Re: You can stop the madness, LW.

  • Tell her you’d love to hang out, at your place. 

    I can see how she lost friends in cross-country moves- if you’re never willing to make an effort with friends, it gets old for them real quick. 

    Visit if you want, LW, but trains run both ways and it’s not that hard to find the station on GoogleMaps. 
    This.  

    And should it get worse then there's the CTJ friend chat.  Tell her that you feel like things are one-sided regarding the effort. 
  • I don't have much tolerance for this kind of thing.  It sounds like it would be easier for the friend to visit the LW, because they have a car.  Yet they never do.

    I'd visit the friend when I feel like it and, when I don't, respond with an equally general, "Yeah, we should."

    With that said, I had a friend who got severe anxiety traveling outside of her normal routine.  It reminded me of agoraphobia, except she could at least leave her house.  But would only drive within a few miles of it and only on main roads she was very familiar with.  I'm wondering if the LW's friend has the same issue.

    It got a lot worse as she got older and it hurt my feelings.  When I would go home to visit CA, I had particular restaurants/places I wanted to hit.  But, if she had never been there before, she was "too nervous" to drive there.  It even got to a point where, if I didn't have a rental car, she would have someone else drive her to my mom's house because "she's never in San Clemente (SC) anymore and is worried she'll get lost".  SC is only 20 minutes from where she lives.  Which, by Southern CA mileage, is nothing, lol.  Plus she'd been there many times, back in the day when I lived there.

    She's been married now for a long time and that improved things.  Because her H drives her everywhere.  Though she still seems nervous to be in unfamiliar places.

    She's always lived in such a small, sheltered world.  I've always wondered if she likes it that way (she seems to) because she has to.  Or if she'd like a bigger, fuller life better, if only fear didn't hold her back.
    Wedding Countdown Ticker
  • I'm going to guess that when she talks to her other friends, she tells them that you don't treat her well. 

    She's making you feel sorry for her so that you'll bend over backwards for her. 
  • Drop the rope.
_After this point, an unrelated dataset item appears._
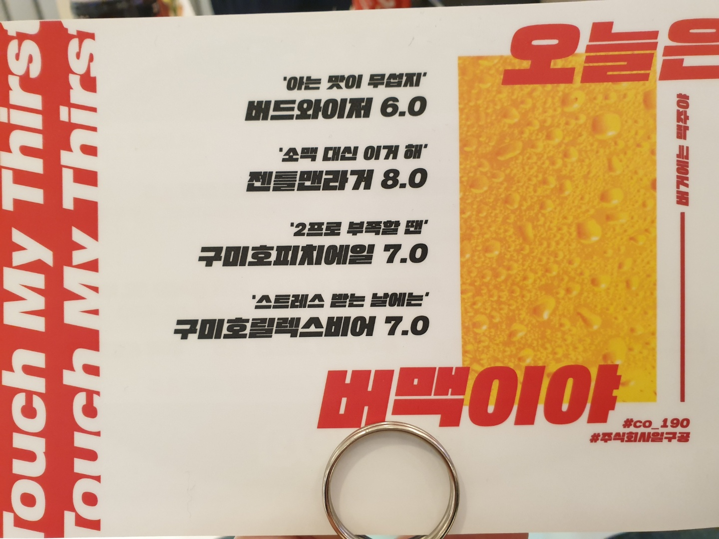 저는 다행히도 전부 들어가 있어서 맥주를 못 먹고 탄산음료를 먹었습니다.

Don’t go to her. Don’t organize. “Would love to see you let me know a good day for you to come here.” And never follow up. 
  • This is my issue with my mom - but she's old and the fear set in recently.

    I watched the similar thing hit with a friendship 20 years ago and it broke up never to recover.  No one wants to be the person always offering to travel.

    That said, you also need to be the person who offers to host.  Don't complain to me that I'm not heading to see you if you aren't inviting me to your place.